Former stadium in Brooklyn, New York

Eastern Park was a baseball park in the Brownsville neighborhood of Brooklyn, New York in the 1890s. It was bounded by Eastern Parkway—later renamed Pitkin Avenue when Eastern Parkway was diverted—to the north (home plate); the Long Island Rail Road's Bay Ridge Branch and Vesta Avenue (later renamed Van Sinderen Avenue) to the east (left field); Sutter Avenue to the south (center field); and Powell Street to the west (right field). The ballpark held 12,000 people.

It was originally the home of the Brooklyn Ward's Wonders of the Players' League in 1890. After the one-year Players' League experiment, the park became the part-time home of the Brooklyn Dodgers in 1891 and then full-time during 1892–1897, between their stints at the two versions of Washington Park.

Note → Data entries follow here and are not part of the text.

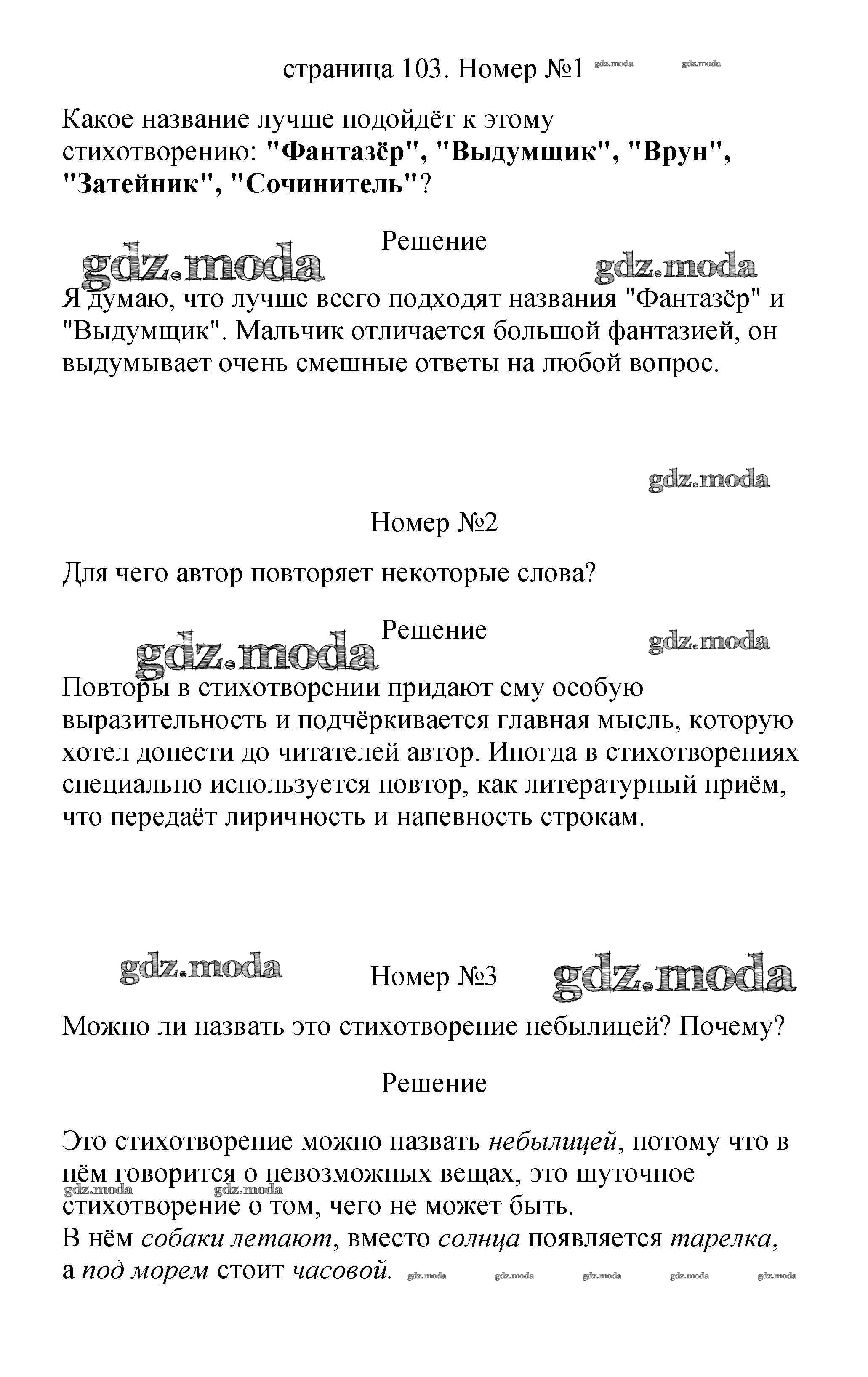 ОТВЕТ на задание № 103 Учебник по Литературе 2 класс Климанова Школа России
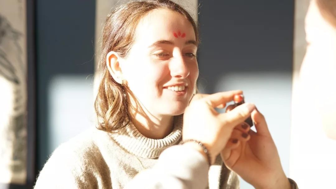 “佳人半露梅妆额,绿云低映花如刻。”“梅妆”就是花钿,是中国古代女子所钟爱的妆容。苏格兰女孩Diana一眼就被展台上的各式花钿吸引,她挑选了自己喜欢的花样,并让传媒实验班同学画在自己的额头上。为了让外国同学更好地理解,负责花钿妆的王诗涵和储瑞秋在电脑上展示范冰冰的花钿妆,接着,又从范冰冰讲到她所扮演的武则天,从宫斗剧讲到古代封建制度。
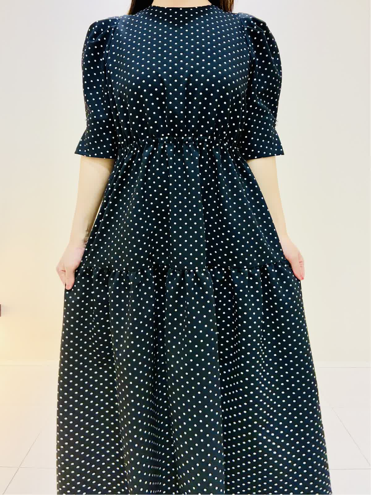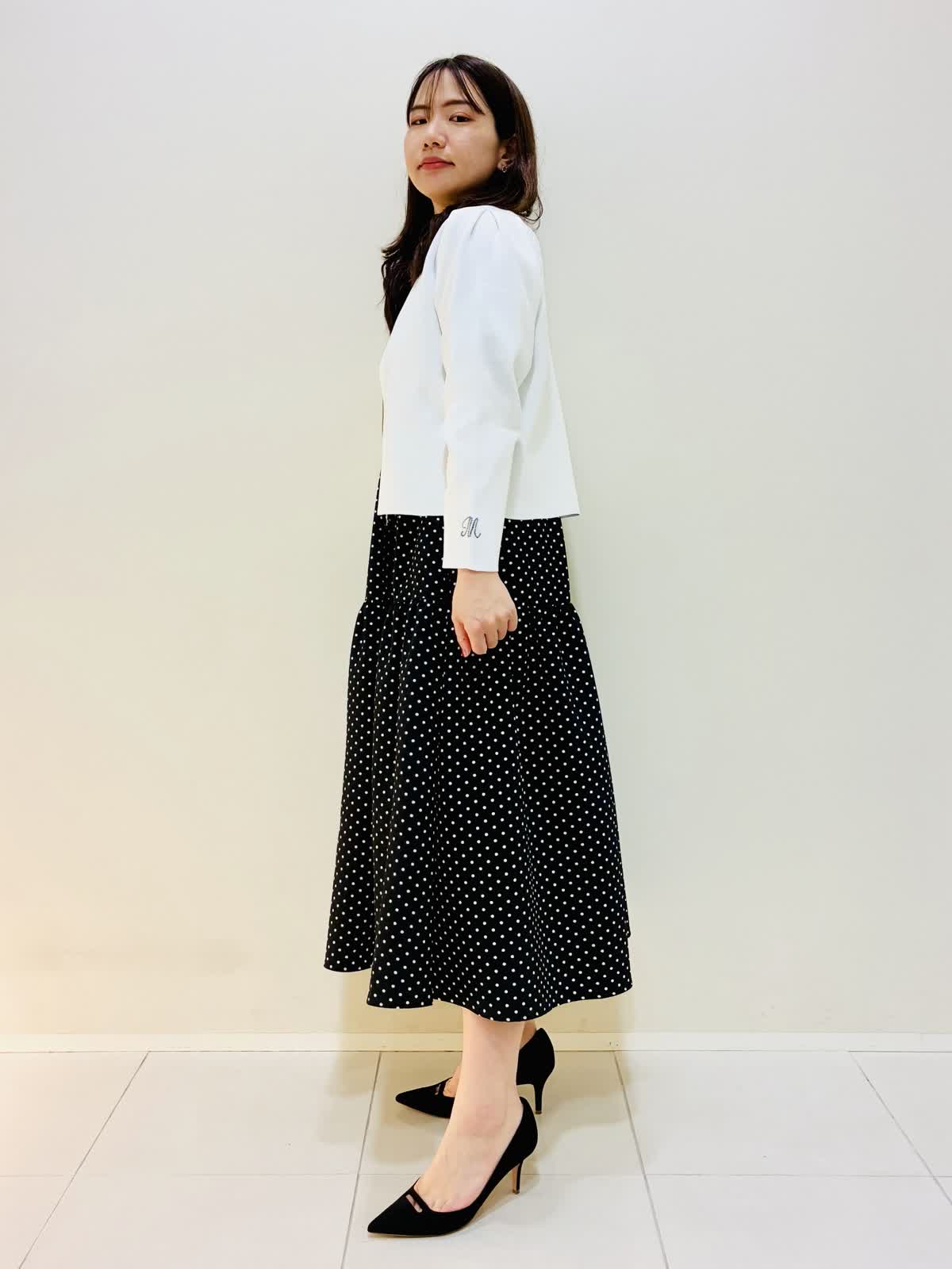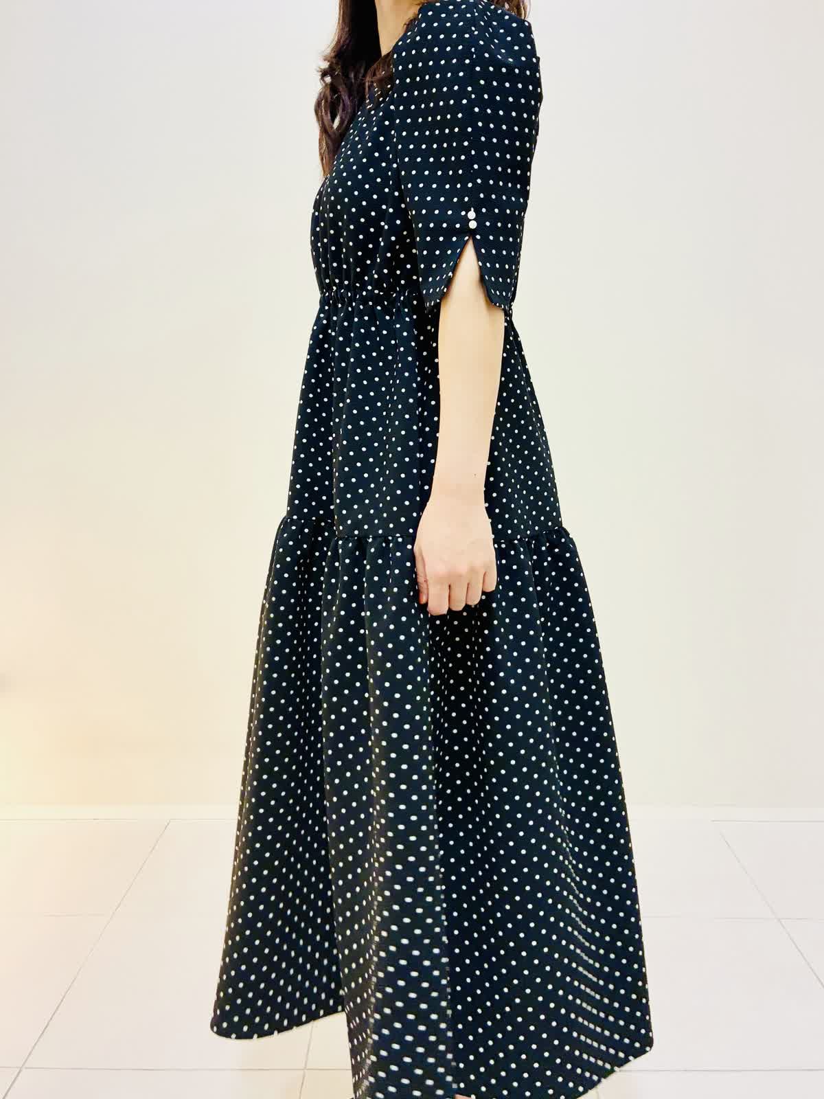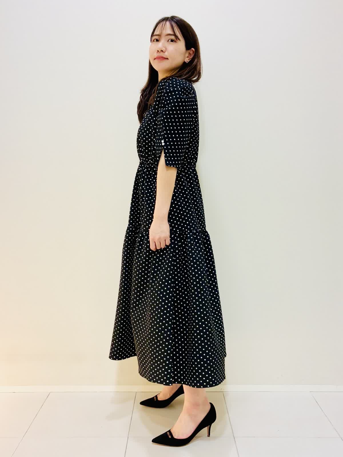 【着用サイズ】 ワンピース:ブラック:9号サイズ カーディガン:オフホワイト:9号サイズ 『ワンピースコーデ』 半袖がかわいいドットのワンピースです。 程よく薄くてサラリと生地で、ウエストが柔らかいゴムなので着心地もすごくいいです。 肩のボリュームもあり一枚でサマになるワンピースにロゴ刺繍のカーディガンを合わせました。ワンピースだけだと肌寒い時期にピッタリです。 スニーカー合わせでカジュアルミックスコーデもおすすめです。

It was here that the nickname "Trolley Dodgers", later shortened to "Dodgers", first arose. Some sources erroneously say that it was due to the need for fans to cross various trolley lines to reach the ballpark. Although the Dodgers played at Eastern Park in 1895 when the name "Trolley Dodgers" was first used, the name was based on the dangers of trolleys in Brooklyn, generally, and not trolley lines that needed to be crossed to get to the game. There were no trolley lines near Eastern Park at the time.

Eastern Park was considered difficult to reach, and although the team survived there for seven seasons, the venture there was a failure. When Charlie Ebbets acquired the Dodgers, he moved the team back, to the second version of Washington Park, which was both closer to the city center and offered a lower rent.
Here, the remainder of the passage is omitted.